Unexpected unequal sharing of data between nodes - cassandra

I have configured cassandra cluster with 4 nodes with 2 seeds. When I run nodetool status, the owns for the individual nodes are as follows,
node1 (seed1) - 24.5%
node2 - 15.0%
node3(seed2) - 46.1%
node4 - 14.5%
should owns should have equal %. If so how can i make that equal. And when i make down node2 and node4 i can able to insert/retrieve data with replication factor 2. But when i make node1 or node2 i can not.Getting the following exception,
SEVERE: me.prettyprint.hector.api.exceptions.HUnavailableException: : May not be enough replicas present to handle consistency level.
java.lang.Exception: me.prettyprint.hector.api.exceptions.HUnavailableException: : May not be enough replicas present to handle consistency level.
at com.july.storage.cassandra.util.CassandraDBUtil.getData(CassandraDBUtil.java:197)
at com.july.storage.cassandra.util.CassandraDBUtil.doSelect(CassandraDBUtil.java:370)
at com.july.storage.cassandra.action.CassandraHandler.getCall(CassandraHandler.java:127)
at com.july.storage.service.StorageService.GET(StorageService.java:58)
at com.july.storage.cassandra.action.CassandraHandler.main(CassandraHandler.java:571)
Caused by: me.prettyprint.hector.api.exceptions.HUnavailableException: : May not be enough replicas present to handle consistency level.
at me.prettyprint.cassandra.service.ExceptionsTranslatorImpl.translate(ExceptionsTranslatorImpl.java:59)
at me.prettyprint.cassandra.model.CqlQuery$1.execute(CqlQuery.java:130)
at me.prettyprint.cassandra.model.CqlQuery$1.execute(CqlQuery.java:100)
at me.prettyprint.cassandra.service.Operation.executeAndSetResult(Operation.java:103)
at me.prettyprint.cassandra.connection.HConnectionManager.operateWithFailover(HConnectionManager.java:258)
at me.prettyprint.cassandra.model.ExecutingKeyspace.doExecuteOperation(ExecutingKeyspace.java:97)
at me.prettyprint.cassandra.model.CqlQuery.execute(CqlQuery.java:99)
at com.july.storage.cassandra.util.CassandraDBUtil.getData(CassandraDBUtil.java:179)
Thanks,
Sangeetha

An imbalance can depend on a lot of factors, and you haven't given us very much to go on.
How much data is in your cluster? If there's not very much then this is completly normal. If you only have a thousand rows in the cluster then it's extremely unlikely that you would get an even distribution.
Have you enabled vnodes? If you're using a recent version, like 1.2.5, this is enabled by default. If you have an older version or have disabled vnodes then it's not uncommon to have unbalanced nodes.
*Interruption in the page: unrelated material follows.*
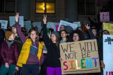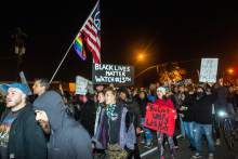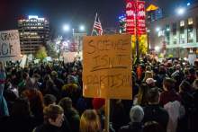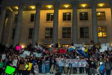 Romero pleaded with the crowd to fight for equality and inclusion during the Republican's presidency. Then the crowd marched away along State Street, wrapping around the City-County Building and the downtown library. The group got so large at times that the front would chant something different from the tail end. A few candles illuminated faces as protesters walked.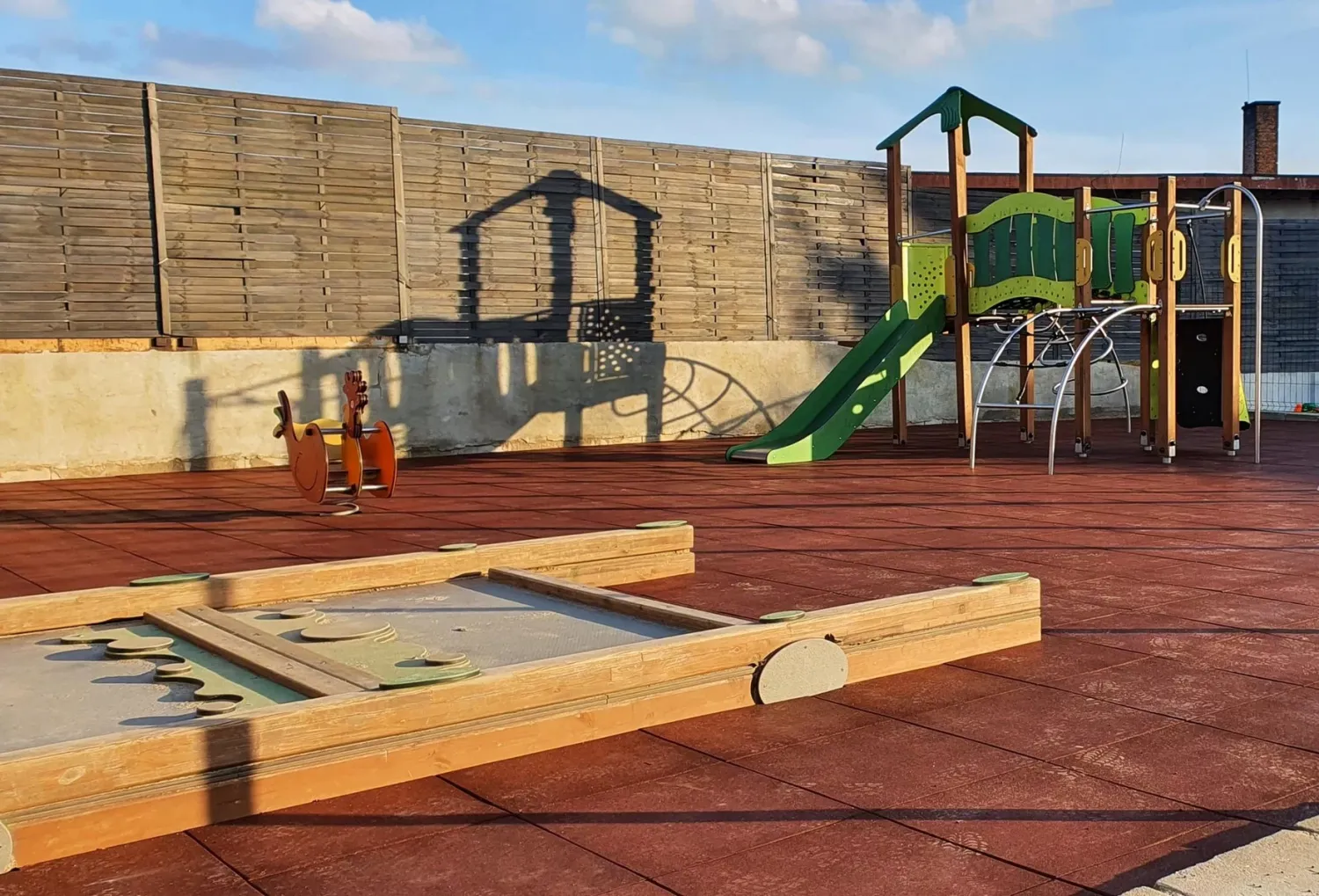 Gumová dlažba FLOMA ProF je ideální volbou, pokud potřebujete vytvořit bezpečný povrch pro dětská hřiště či venkovní posilovny, který odolává vnějším vlivům a mechanickému poškození, přičemž zůstává měkký a bezpečný při pádu.

You can mode nodes manually using nodetool, but don't do it on your production system, test it first in a test environment.
Which partitioner are you using? If you don't know you're using a random partitioner, which should increase the likelihood of an even distribution, but if you've changed to an ordered partitioner you can't expect to get even distribution, you need to move the nodes manually as you add data to the cluster.
The reason why you can't retrieve data when two nodes are down is probably that the row you're retrieving resided on those two nodes, with only four nodes and a replication factor of two it's quite likely -- especially since you can get the data when only the other two nodes are up. Try another row and you will most likely get different results, and try changing the consistency level of the request to one (you didn't say what consistency level you were using, so I assume you're reading at quorum, which with a replication factor of two means that both nodes must be up).

Related

How to determine the sync status is up to date for particular node in a Cassandra cluster?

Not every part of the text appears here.